About 30 percent of the state’s wine-grape crop is missing in action, said Terri Savaryn, secretary of the Minnesota Grape Growers Association. Individual losses vary widely, from almost zero to 80 percent and up at some northern vineyards.

“Some are in very good shape, and others are taking it on the chin,” said Peter Hemstad, University of Minnesota grape breeder and co-owner of St. Croix Vineyards in Stillwater. “It’s not a catastrophe, but nobody’s happy about it.”

Kyle Peterson, winemaker at the family-owned Winehaven Winery in Chisago City, Minn., considers himself lucky to have lost only 10 percent of his winery’s grapes. “We were really fortunate,” he said. “Given what winter threw at us, we dodged that bullet.”

Less fortunate was Carlos Creek Winery in Alexandria, which lost about 80 percent of its expected grape yield, according to co-owner Tami Bredeson. Most of the vines’ roots survived, but the flower-producing died. That means they’ll produce fewer grapes — or none at all.
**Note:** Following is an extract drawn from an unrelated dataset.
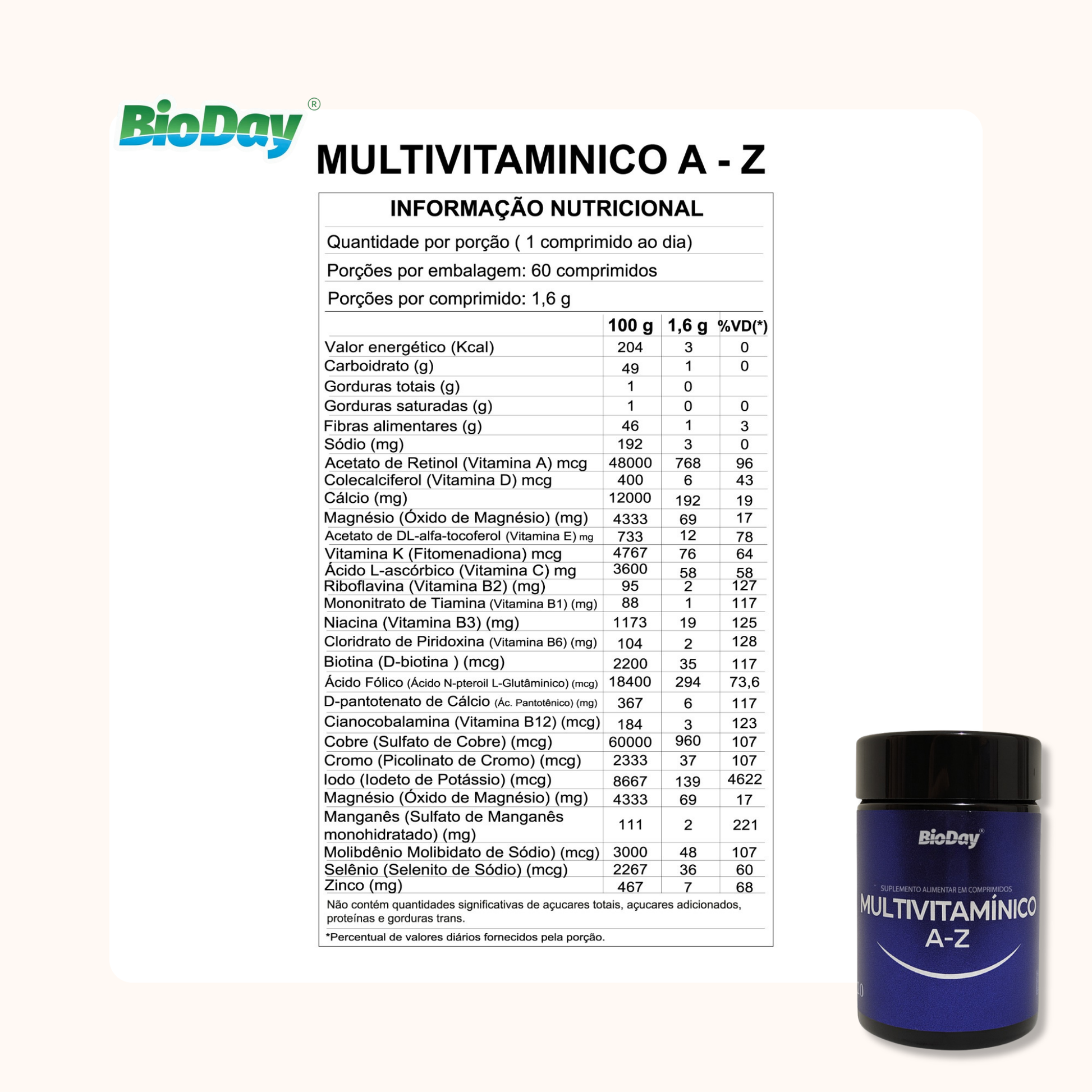 - Multivitamínico (60 comprimidos): fórmula completa de vitaminas e minerais que reforçam o sistema imunológico, combatem o cansaço e ajudam a manter o metabolismo equilibrado. Suporte diário para energia, foco e resistência física e mental.
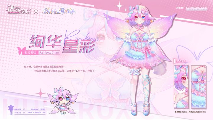 【背景故事】 来自精灵王国修行千年的蝴蝶小精灵,为了守护人类的微笑而诞生于此,她熟练掌握爱与温暖的魔法。在这旅途中,她收留了无家可归的小狗并使其幻化为蝴蝶小狗,一同去往人类世界为人们带来快乐。听说,爱上蝴蝶精灵的人类会变成蝴蝶糖果供用给蝴蝶精灵食用哦~那种糖果的名字就叫彩彩糖。 —————————————————— 「绚华星彩-彩虹酱」限时回归! 下载游戏:https://www.tapt

The lowest temperature recorded last winter, minus-27 degrees, was “not extreme by Minnesota standards,” Hemstad said. But the cold was unrelenting. “We had 50 days below zero.”

“There was no January thaw,” Bredeson said. “There was never a letup for the plants. They had to struggle so hard, for so long.”

Because of the relative youth of Minnesota’s wine industry, the plants also are young, which makes them more vulnerable to an extreme winter, according to Savaryn.

The state has nearly 50 bonded wineries, and most of them are young, she said. “There are few 20-year-old, established plants.”

To supplement their own supply, growers who lost a lot of grapes are looking to other growing regions where yields are plentiful. “We’re forced to source,” Bredeson said.

Buying grapes from outstate growers won’t increase the winery’s costs, she said.

“We can purchase California grapes, and pay for shipping and still have it less expensive than Minnesota grapes,” which require the same expensive equipment but are produced on a much maller scale than in major wine-growing regions.